EXERCISE DIRECTIONS → Output range, inclusive: from the line containing "今年のおイモは安納芋!甘いお" to the line containing "72364835 alte Postkarte". Restate those lines from the data below word for word and only those.

RECORDS SHOWN →
● ● ● ●

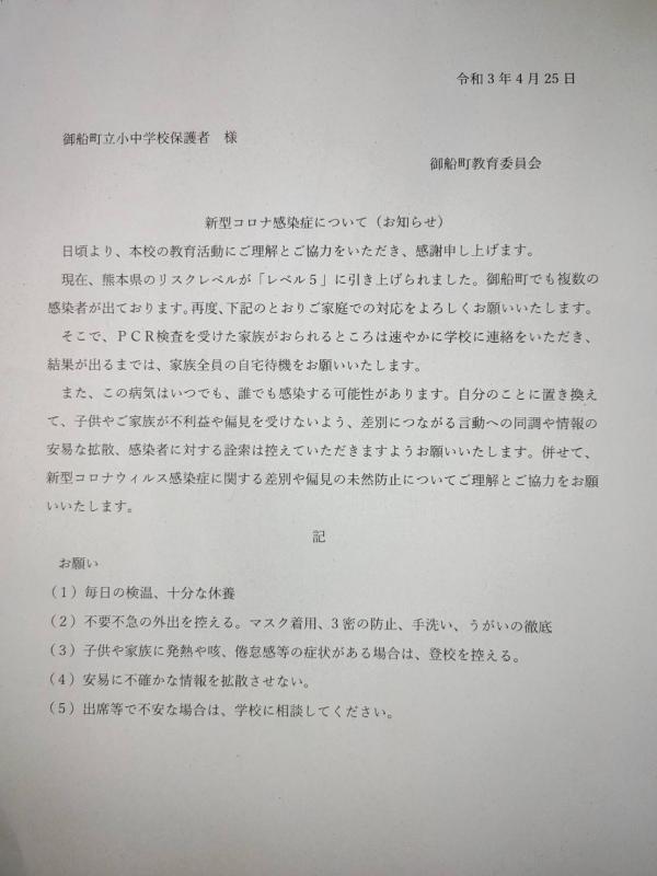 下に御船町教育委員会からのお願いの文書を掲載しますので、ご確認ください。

● ● ● ●

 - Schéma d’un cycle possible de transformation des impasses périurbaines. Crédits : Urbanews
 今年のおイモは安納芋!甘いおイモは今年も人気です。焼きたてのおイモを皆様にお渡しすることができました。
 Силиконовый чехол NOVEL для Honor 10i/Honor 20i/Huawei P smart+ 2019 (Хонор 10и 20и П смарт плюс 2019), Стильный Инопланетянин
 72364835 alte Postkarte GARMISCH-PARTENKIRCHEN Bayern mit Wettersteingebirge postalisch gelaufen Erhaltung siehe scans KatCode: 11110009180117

● ● ● ●

TASK OUTPUT →
 今年のおイモは安納芋!甘いおイモは今年も人気です。焼きたてのおイモを皆様にお渡しすることができました。
 Силиконовый чехол NOVEL для Honor 10i/Honor 20i/Huawei P smart+ 2019 (Хонор 10и 20и П смарт плюс 2019), Стильный Инопланетянин
 72364835 alte Postkarte GARMISCH-PARTENKIRCHEN Bayern mit Wettersteingebirge postalisch gelaufen Erhaltung siehe scans KatCode: 11110009180117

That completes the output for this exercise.